Let $(X_n)_n$ a sequence of independent random variables such that $X_1=0$ and for all $j≥2$:
$$ k \mapsto \mathbb{P}\left(X_{j}=k\right)= \begin{cases}\frac{1}{j^{3}} & k \in\{ \pm 1, \pm 2, \ldots, \pm j\} \\ 1-\frac{2}{j^{2}} & k=0\end{cases} $$
Show that $\displaystyle\frac{1}{n^{\alpha}} \sum_{j=1}^{n} X_{j} \stackrel{\mathbb{P}}{\longrightarrow} 0$ para $\left.\alpha \in\right] \frac{1}{2}, \infty[$.

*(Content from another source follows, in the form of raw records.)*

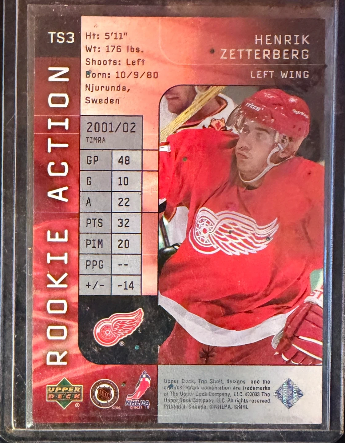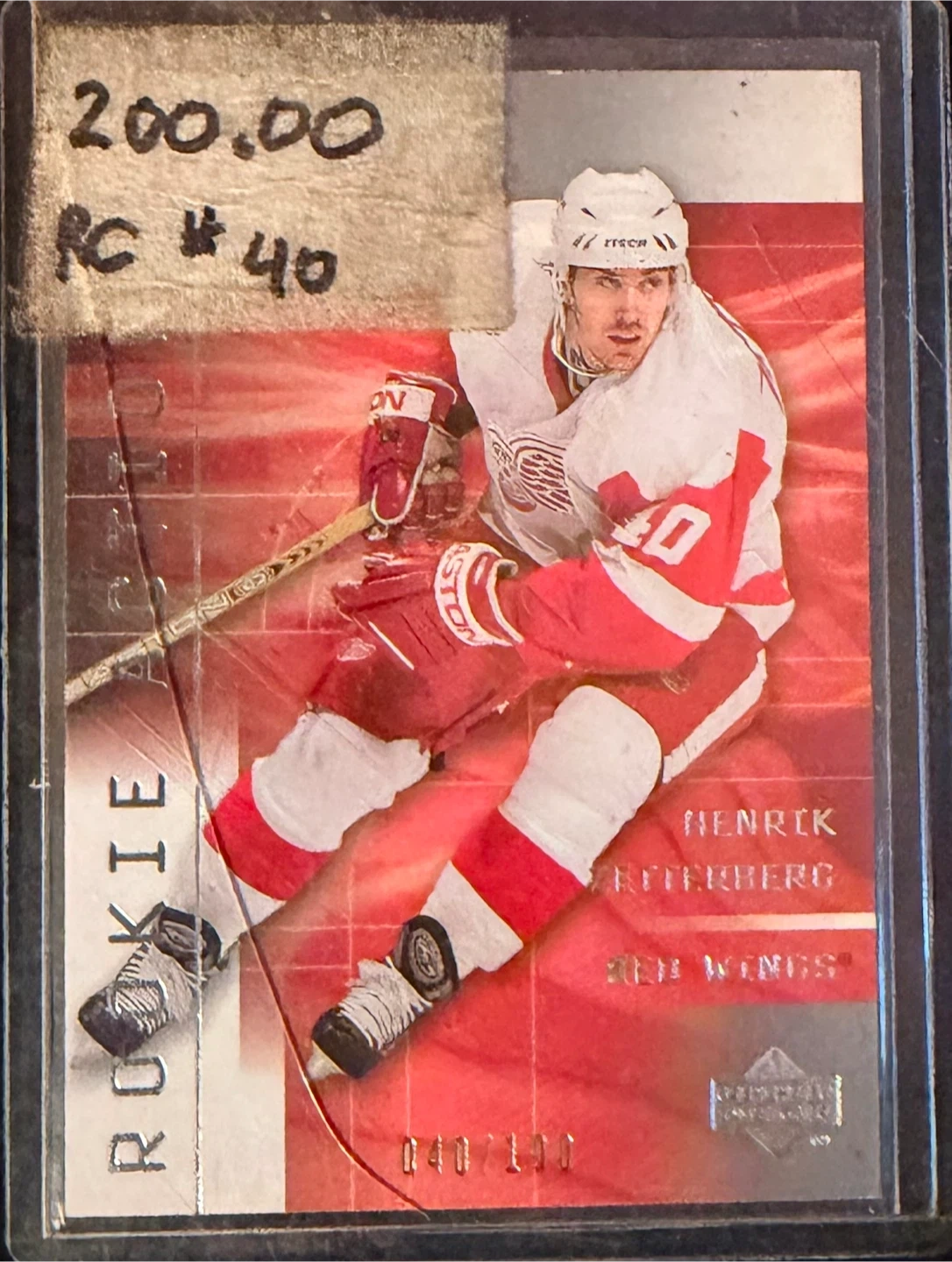 Selling a Henrik Zetterberg rookie card. It's from the 2001/02 season with Timra. The card features Zetterberg in his Red Wings uniform. Great for any hockey card collector!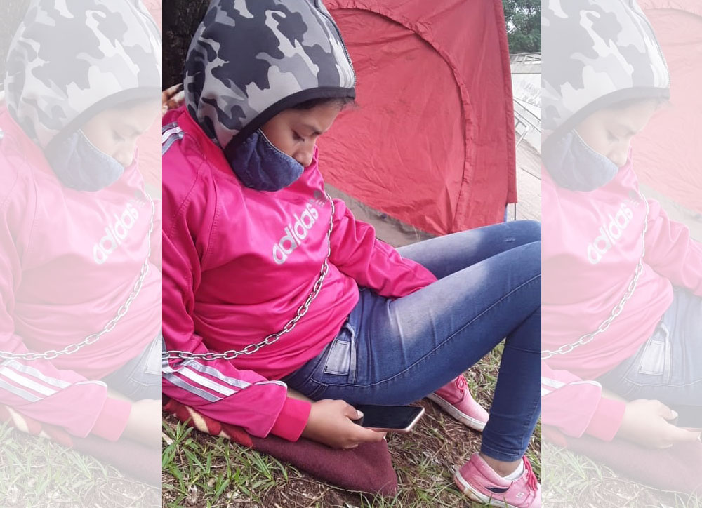 Desde el pasado jueves, una joven se encuentra encadenada a un árbol frente al Palacio de Justicia para reclamar por la libertad de su marido, quien se encuentra detenido desde mayo pasado.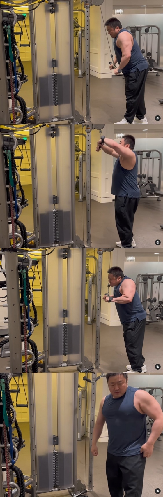 마동석은 남다른 팔뚝을 자랑하며 편안한 모습으로 운동, 눈길을 사로잡는다.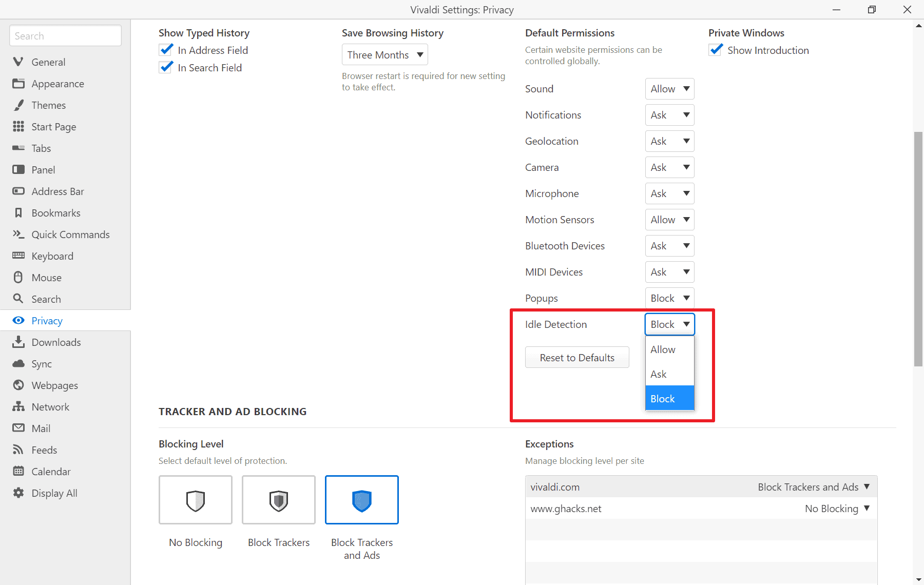 Vivaldi 用户可以通过访问设置 > 隐私,并将空闲检测字段的状态从阻止更改为“询问”或“允许”来启用它。每当站点请求使用空闲检测 API 的权限时,Ask 都会在浏览器中显示提示,允许在没有用户交互的情况下授予它该权限。

My attempt: Let $\varepsilon>0$, $\alpha\in(\frac{1}{2},\infty)$ and $n\in \mathbb{N}$. Note that by Markov inequality we have that:
\begin{align} \mathbb{P}\left(\frac{1}{n^{\alpha}}\left|\sum_{j=1}^{n}X_{j}\right|>\varepsilon\right)=\mathbb{P}\left(\frac{1}{n^{2\alpha}}\left(\sum_{j=1}^{n}X_{j}\right)^{2}>\varepsilon^2\right)\leq \frac{1}{\varepsilon^2}\mathbb{E}\left(\frac{1}{n^{2\alpha}}\left(\displaystyle\sum_{j=1}^{n}X_{j}\right)^{2}\right) \end{align} Note that $\mathbb{E}(X_{1})=0$. Now for $j>1$ we have that: $$\mathbb{E}(X_{j})=\sum_{k=-j}^{j}k\cdot\mathbb{P}(X_{j}=k)=-j\frac{1}{j^3}-(j-1)\frac{1}{j^3}-\ldots+(j-1)\frac{1}{j^3}+j\frac{1}{j^3}=0$$ Let us considerer $M_{X_{j}}(t)$, with $t\in \mathbb{R}$, the moment generating function of $X_{j}$, which is: $$M_{X_{j}}(t)=\mathbb{E}(e^{tX_{j}})=\sum_{k=-j}^{j}e^{tk}\cdot\mathbb{P}(X_{j}=k)=\sum_{k=-j}^{-1}e^{tk}\frac{1}{j^3}+\left(1-\frac{2}{j^2}\right)+\sum_{k=1}^{j}e^{tk}\frac{1}{j^3}$$ In this way, we obtain that: $$\mathbb{E}(X_{j}^2)=\frac{1}{j^3}\sum_{k=-j}^{j}k^2=\frac{(j+1)(2j+1)}{3j^2}$$ Observe that since the variables $(X_n)$ are independent, it follows inductively that: $$\mathbb{E}\left(\left(\sum_{j=1}^{n}X_{j}\right)^2\right)=\sum_{j=1}^{n}\mathbb{E}(X_{j}^2)$$ Given that $\alpha\in \left]\frac{1}{2},\infty\right[$ we have the following: \begin{align} \frac{1}{\varepsilon^2}\mathbb{E}\left(\frac{1}{n^{2\alpha}}\left(\displaystyle\sum_{j=1}^{n}X_{j}\right)^{2}\right)=\frac{1}{\varepsilon^2 n^{2\alpha}}\sum_{j=1}^{n}\mathbb{E}(X_{j}^2)=\frac{1}{\varepsilon^2 n^{2\alpha}}\sum_{j=1}^{n}\frac{(j+1)(2j+1)}{3j^2}\underset{n\to \infty}{\longrightarrow} 0 \end{align} So we conclude that $\displaystyle\frac{1}{n^{\alpha}} \sum_{j=1}^{n} X_{j} \stackrel{\mathbb{P}}{\longrightarrow} 0$
Is this development correct?